Он редко когда кричал – в основном шипел. Это было настолько неприятно, а может, и просто страшно, что я всегда выполняла его требования. Лучше бы он кричал. Я осторожно вылезла и поднялась к нему на лестницу, бережно прижимая к себе свою любимую папку с рисунками. В том числе и с незавершенным. Последний год отношения ко мне с его стороны поменялось существенно. Теперь у него в привычках числится бить меня по лицу, когда он считает меня неблагодарной тварью, не ценящей все, что он для меня делает, то есть каждый день. Приходится постоянно замазывать тональным кремом синяки и носить одежду с длинными рукавами. Нет, с кулака ударить – он себе никогда не позволит. Что не мешает ему отвешивать мне увесистые пощечины, от которых я падаю или трясти, больно сжимая, затем отбрасывая от себя как нечто противное. Обычно я от этого и натыкалась на мебель, наставляя себе синяки и ссадины.

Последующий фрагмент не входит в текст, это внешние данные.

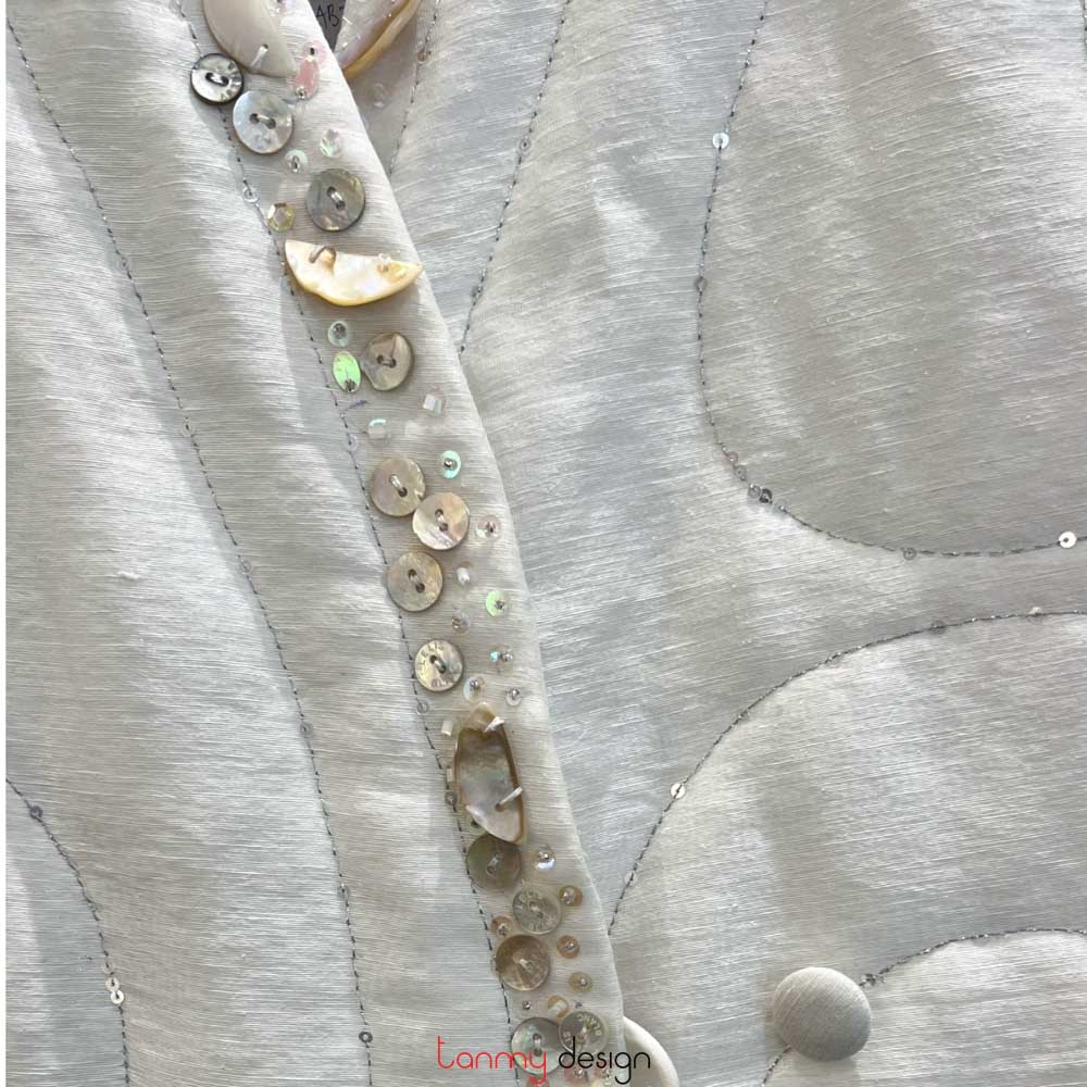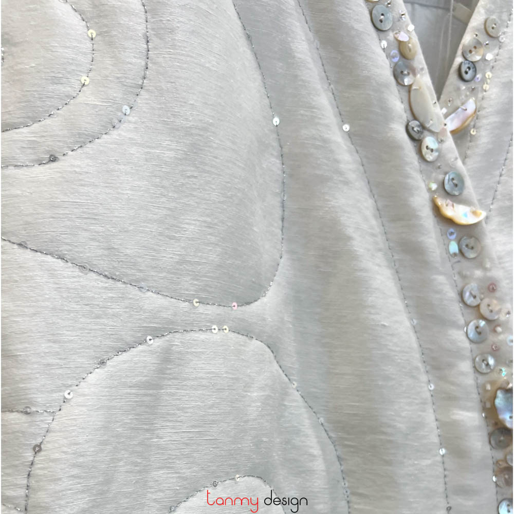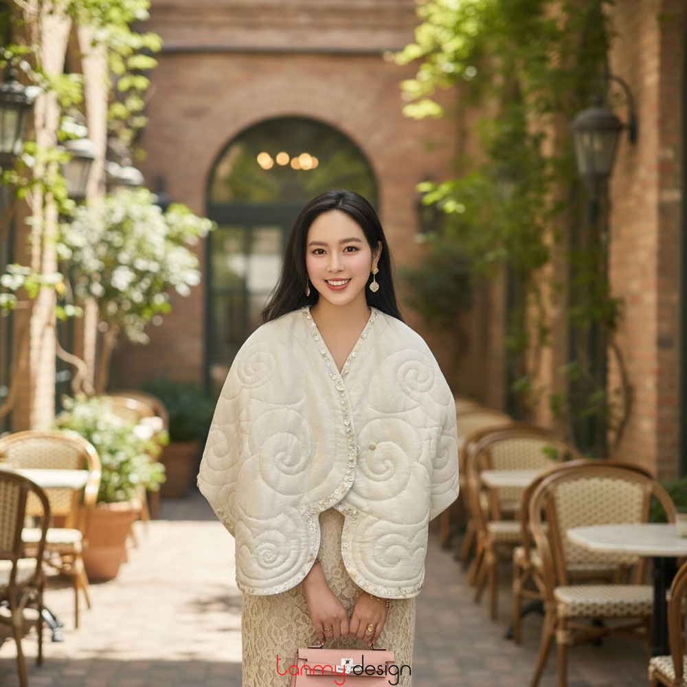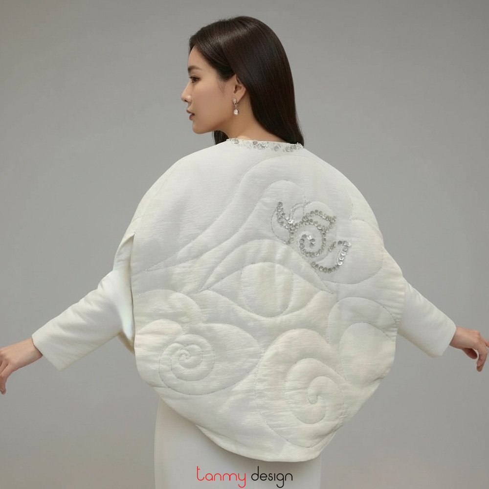 Áo chần bông búp sen lụa trắng

Но я уже привыкла. Больно – значит живу. Глупое утешение, но другого нет. Мое имя вообще отдельная история. Где он его выкопал? «Злату – слава». Идиотизм полнейший. Как можно поклоняться деньгам с помощью имени ребенка?! Но, видимо можно. Мой богатый отец тому пример. Жанна сократила его до «Злата» – я ничего не имею против, даже нравится. Во всяком случае, звучит красиво. Полное же имя я практически ненавидела.

У отца сегодня, видимо, настроение хуже некуда. Надеюсь, он закончит «мое воспитание» быстро. Главное, не поддаться на провокации и ничем его не спровоцировать еще больше.

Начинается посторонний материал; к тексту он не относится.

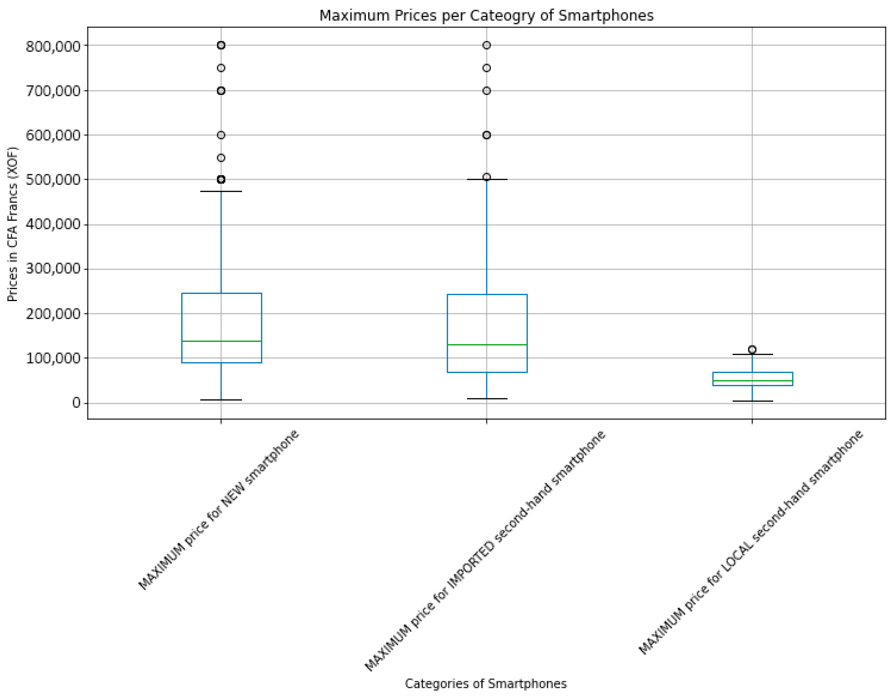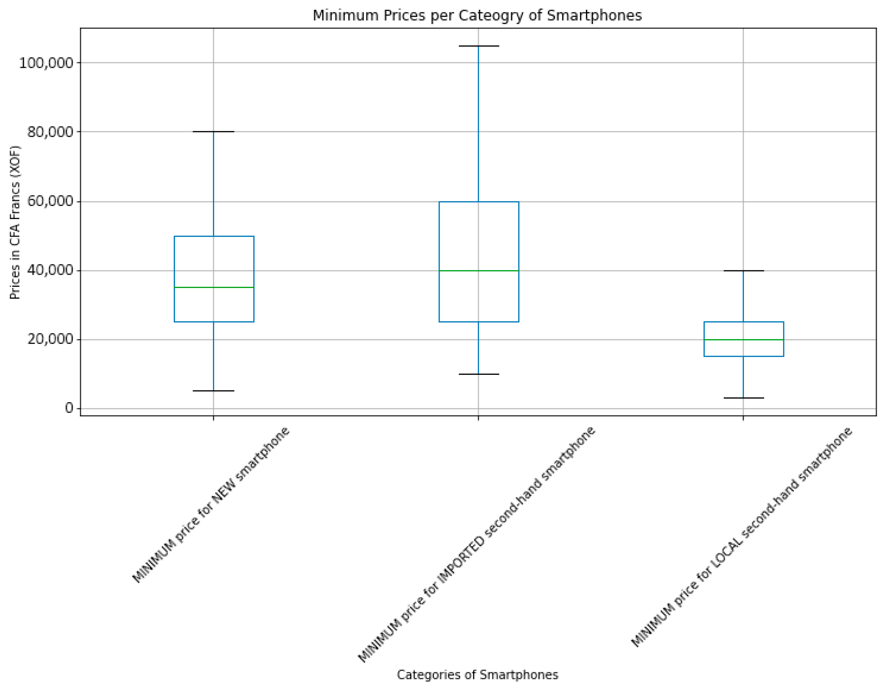 MINIMUM Price for NEW Smartphone | MAXIMUM Price for NEW Smartphone | MINIMUM Price for IMPORTED Second-Hand Smartphone | MAXIMUM Price for IMPORTED Second-Hand Smartphone | MINIMUM Price for LOCAL Second-Hand Smartphone | MAXIMUM Price for LOCAL Second-Hand Smartphone | |
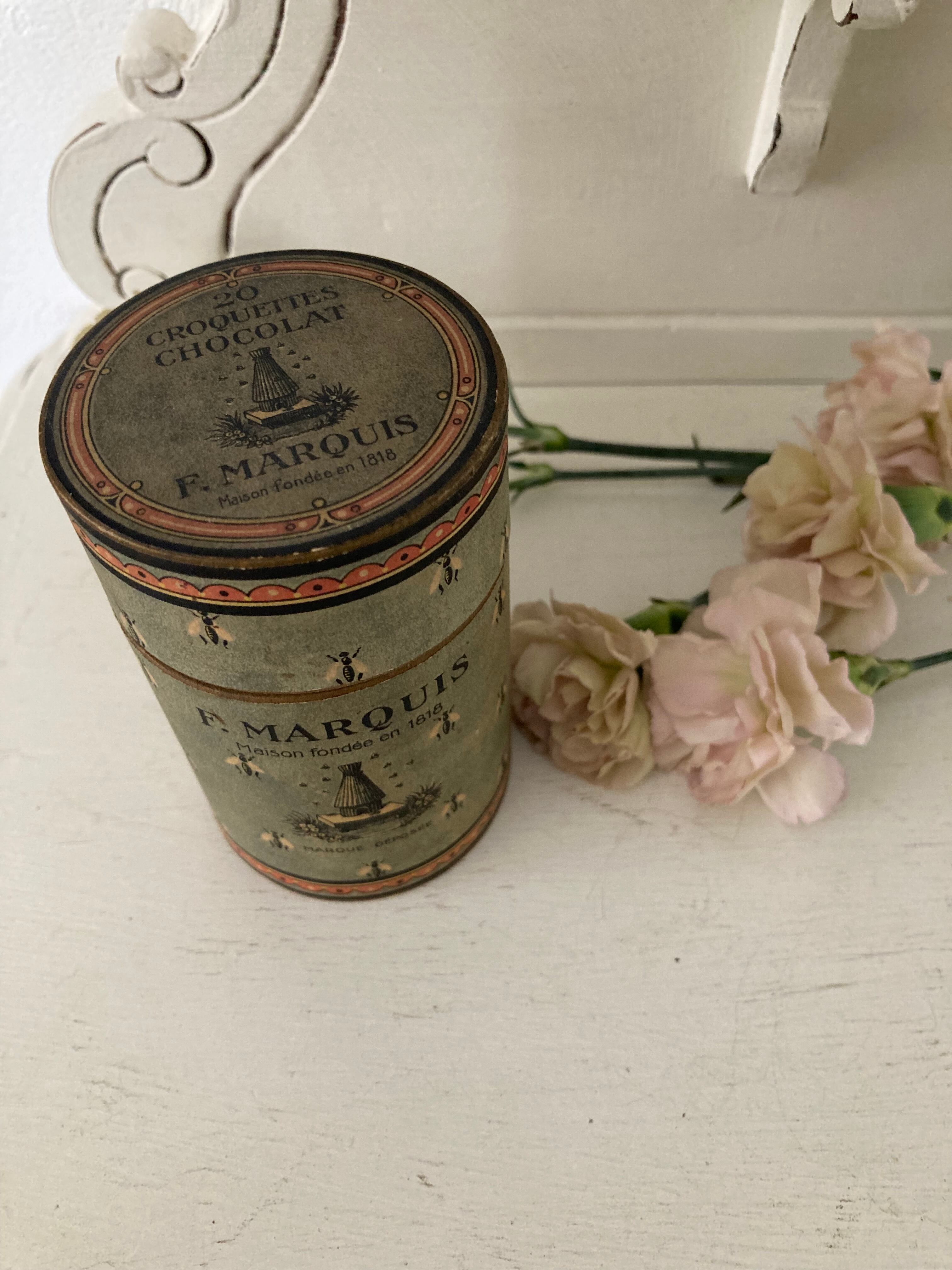 同社製の舌を出した可愛い猫ちゃんのイラスト入りボックスを時折見かけますが、こちらは美しいモーブグリーンの円形縦長ボックスにプリントされた蜂のイラストがとてもアンティークらしい雰囲気で、1818年にパリのパサージュ デ パノラマにお店を構えた住所59,Passage des Panoramasが印刷されています。パサージュ デ パノラマは現代でも古い時代の雰囲気が残る素敵なパサージュ(屋根付きのアーケード)です。当時から木製のファサード、床、大理石で豪華に装飾された店内だったようです。
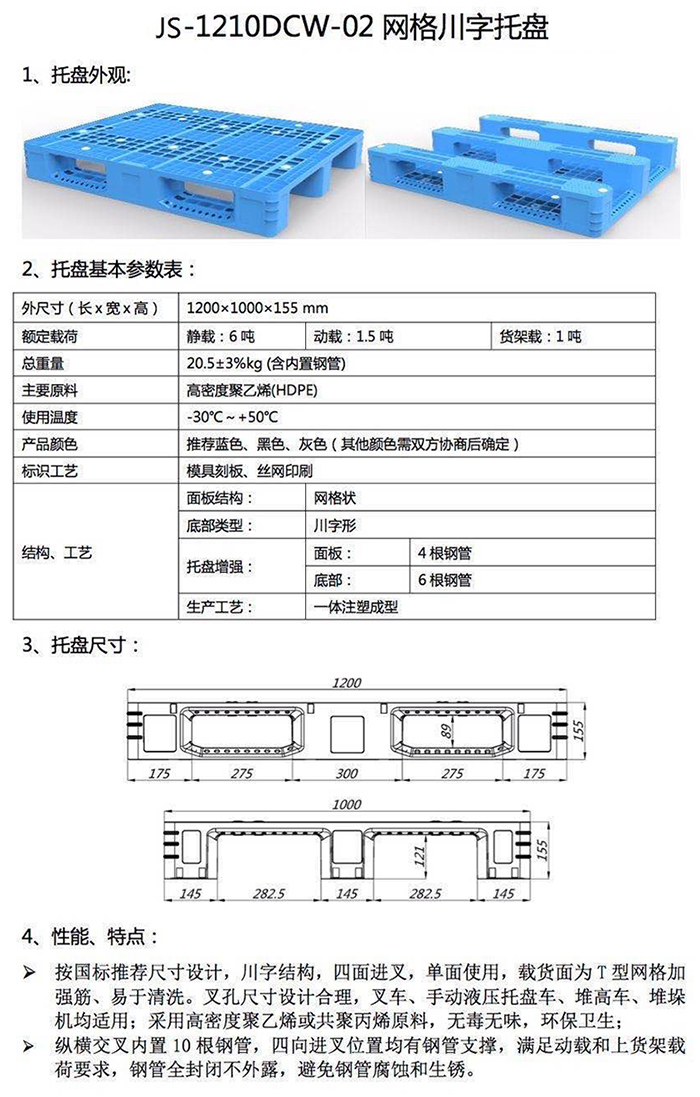 2、塑料托盤產(chǎn)品尺寸誤差正負(fù)2%,重量誤差正負(fù)3%,均屬于企業(yè)標(biāo)準(zhǔn)允許的范圍。

– Ну, чего же ты медлишь, паршивка?! Я не яс-сно выражаюс-сь? – вот и шипящие нотки прорезались.

Неужели мне страшно? Я думала, что за это время у меня уже нет этого чувства, также как и слез. Я не должна плакать и бояться, не такая уж и слабачка. В конце концов, было б все так ужасно – ушла бы. А раз продолжаю здесь оставаться – не так уж и плохо мне тут. Наверное.

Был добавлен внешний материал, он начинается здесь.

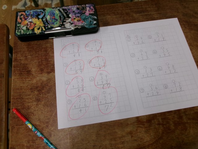 たし算の筆算のまとめの練習をしていました。
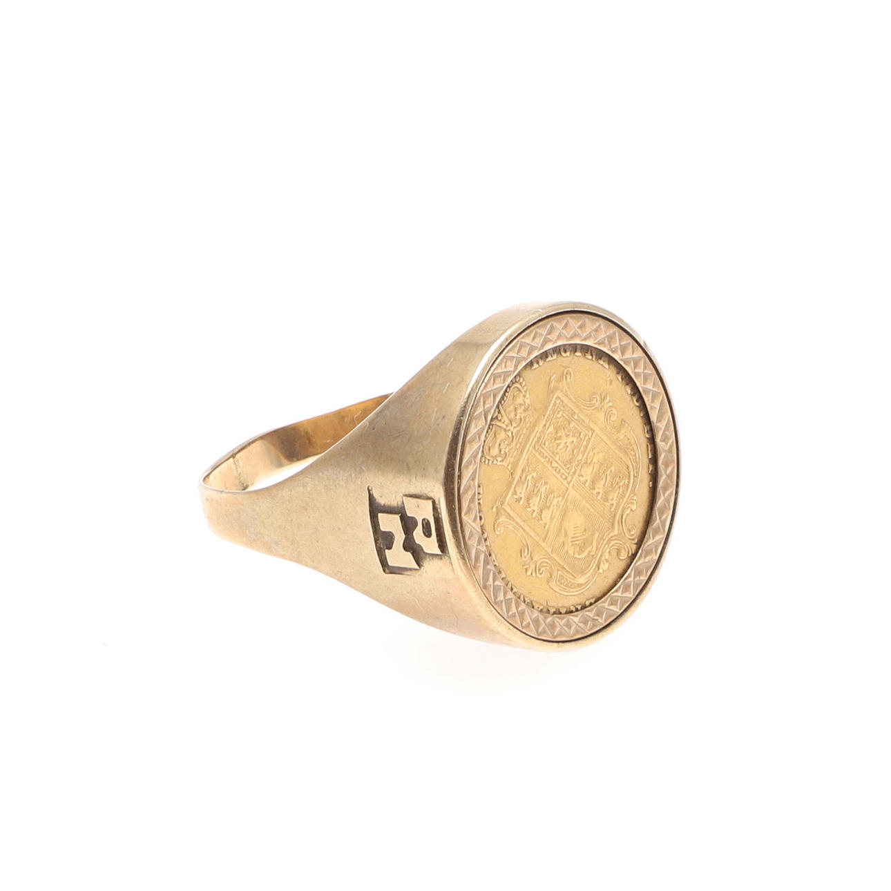 2967897. EN GULD HALV SOVREIGN I 9CT RINGFÄSTE.
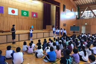 小学部集会で運営委員会の子ども達が、「横断歩道の渡り方」と「あいさつ」についての発表をしました。
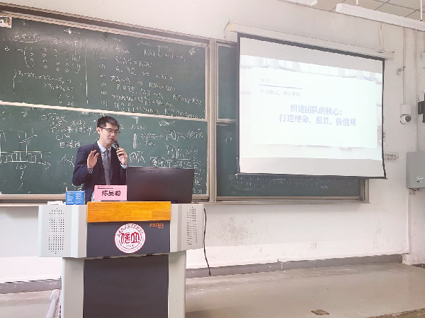 陈旻聪从自身创业实践经历谈起,告诉大学生们在校期间就要学会清晰的定位自己,并且如何去选择适合自身发展的公司和团队,并从管理者的视角就组建团队的核心内容——打造使命、愿景、价值观给大家带来了一场有趣生动的分享。他告诉大家要学会准确的自我分析与评价,确定自己的目标,并为之努力。只有仰望星空与脚踏实地并存者才能走得到远方,努力去做一个志存高远又肯脚踏实地去拼搏的人。
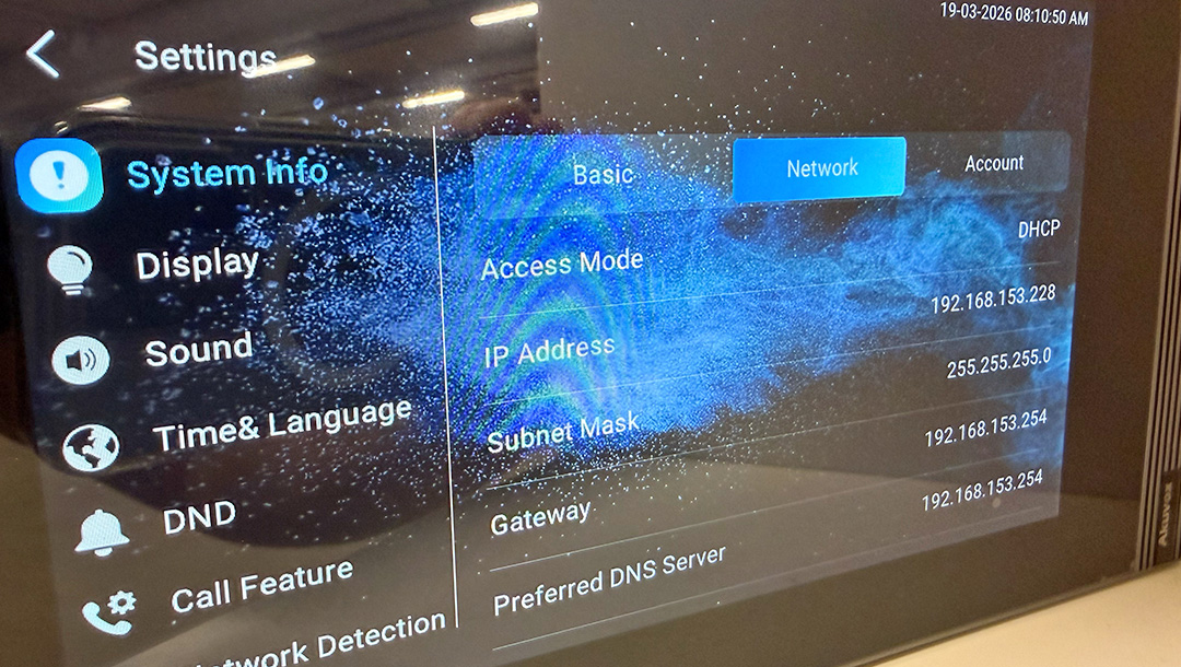 För att få fram IP-adressen till svarspanelen så trycker du på More -> Settings -> Network direkt på skärmen så får du fram vad enheten har fått för IP-adress.

– Ты думаешь, что можешь делать все так, как тебе вздумаетс-ся? Игнорировать мои приказы? Забыла, что обязана мне рождением, а? Отвечай, когда с тобой разговаривают! – вот и первая пощечина.

Не сильная, но обидная. Хотя какие обиды? Разве я еще не привыкла? Наивная душа, все надеюсь, что отец изменится однажды и мы всей семьей будем жить долго и счастливо… Мать при первых звуках его недовольства скрылась у себя в комнате, чтобы потом если что сообщить, что ничего не видела и не слышала, а я все выдумываю… Но я отвлеклась.

– Нет, папочка, что ты! Я не хотела тебя обидеть, я… – начала судорожно оправдываться я. Аж самой стало противно от того, насколько жалобным и заискивающим стал мой голос.

– Что это ты у себя прячешь? Дай сюда! – с этими словами отец выхватил у меня мою папку с моей нелепой детской фантазией на последнем листке.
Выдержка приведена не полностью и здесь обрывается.